The recent stumble in US economic data raises new questions about the timing of the Fed’s plans for raising interest rates. The earliest forecast for the first round of tightening monetary policy has been pushed up to September, although some analysts say that the turning point for rates will come later, perhaps early next year. Much depends on the incoming data, of course. Meantime, what is the Treasury market telling us? One way to cut through the noise in search of signals is to calculate a series of moving averages on Treasury yields. By that standard, the market’s sending mixed messages these days. The 2-year yield—considered to be the most sensitive spot on the yield curve for rate expectations—is trending up.
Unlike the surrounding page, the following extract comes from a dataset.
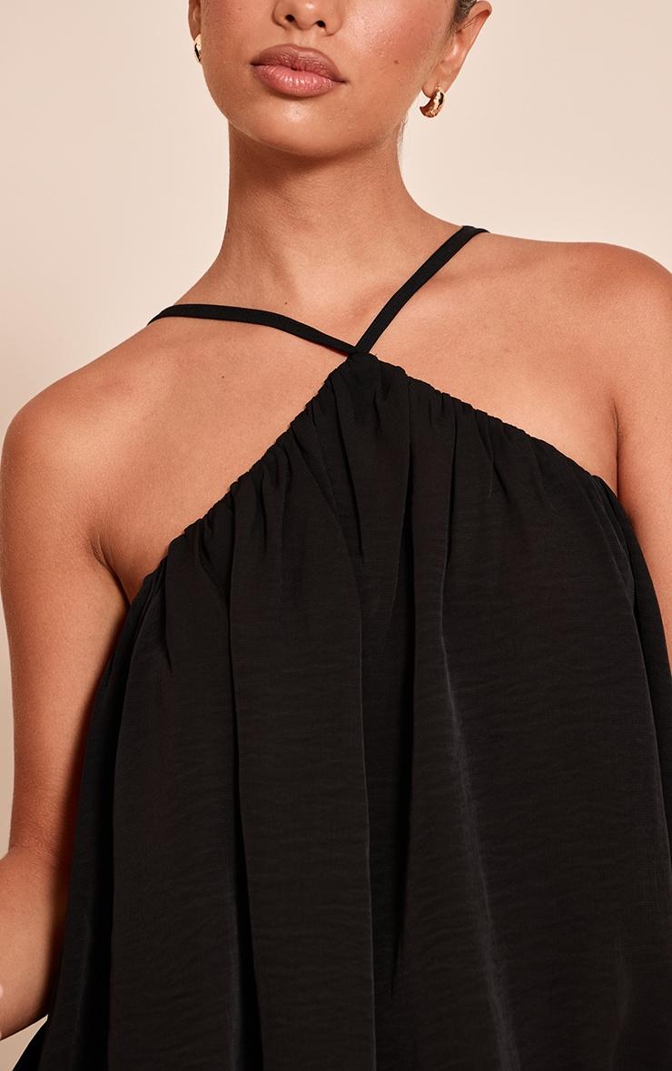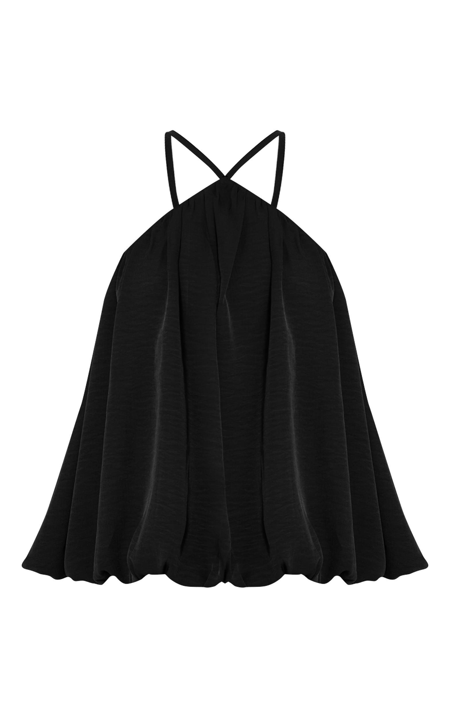 Make a statement in the black chiffon halter neck puff ball top. Made from a black chiffon material with a halterneck design and voluminous puffball hem, it adds drama to any outfit. Style with sleek pants and court heels for a bold evening look.Length approx 48.5cm/19inch (Based on sample size US 4)Model wears size UK 8/ EU 36/ AUS 8/ US 4Model Height - 5ft 7inchp]:!mb-4inch>Category: TopsProduct type: Cami TopColor: BlackMaterial: Woven CrepeDesign: PlainNeckline: HalterneckSleeves: SleevelessOccasion: Day

The 5- and 10-year yields, by contrast, continue to trend lower, although there are some clues that suggest that the slide has run its course in longer-term maturities.
In sum, the Treasury market remains betwixt and between when it comes to pricing in a future of higher rates. The crowd appears to be toying with the possibility via the 2-year yield, but that’s as far as it goes at the moment. There’s still not much appetite for a more substantial commitment to regime change by way of 5- and 10-year Treasuries.
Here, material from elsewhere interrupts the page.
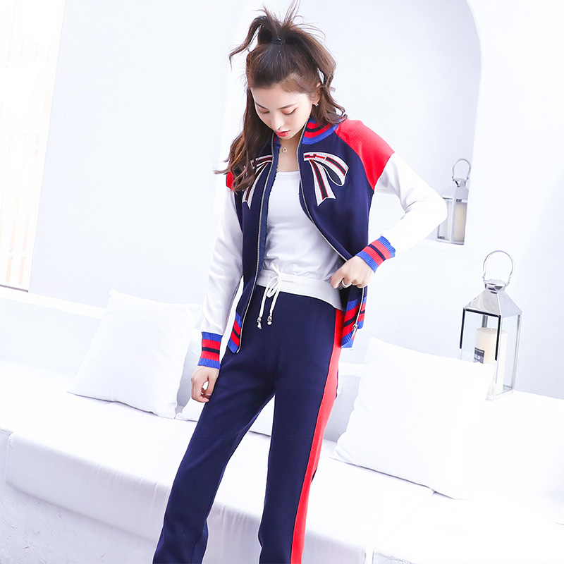 / 歐洲站2018秋裝新款針織休閑運動服套裝女秋冬裝網紅兩件套時尚潮

The following charts reflect exponential moving averages (EMA), which are arguably superior to a simple moving average (SMA) by placing more emphasis on recent data. As such, EMAs are a bit more sensitive to the latest trades vs. the SMA methodology of equal weighting the historical sample. The EMAs in the charts below come in three flavors: 50-, 100-, and 200-day rolling windows.
Let’s start with the 2-year Treasury. As the chart shows, there’s a clear upside trend in progress. Note the positive momentum underway based on the 50-day EMA’s rise above the 100-day EMA, which is above the 200-day EMA, based on daily data through yesterday (May 28).
By contrast, negative momentum continues to prevail in the 5-year market. Although there have been attempts to revive an upside bias, those rallies have come to naught so far. That said, we’re in the middle of yet another effort to raise rates. But until we see the 50-day EMA for the 5-year rise above the 100-day EMA, it’s reasonable to wonder if the latest rise is just another round of noise.
The benchmark 10-year yield tells a similar story. There have been several rallies, but so far the downtrend hasn’t been broken. But perhaps that’s about to change. Note that the 50-day EMA for the 10-year yield ticked above the 100-day EMA in the last two days for the first time in more than a year. A sign of things to come? The answer will ultimately be determined by the economic numbers in the weeks ahead.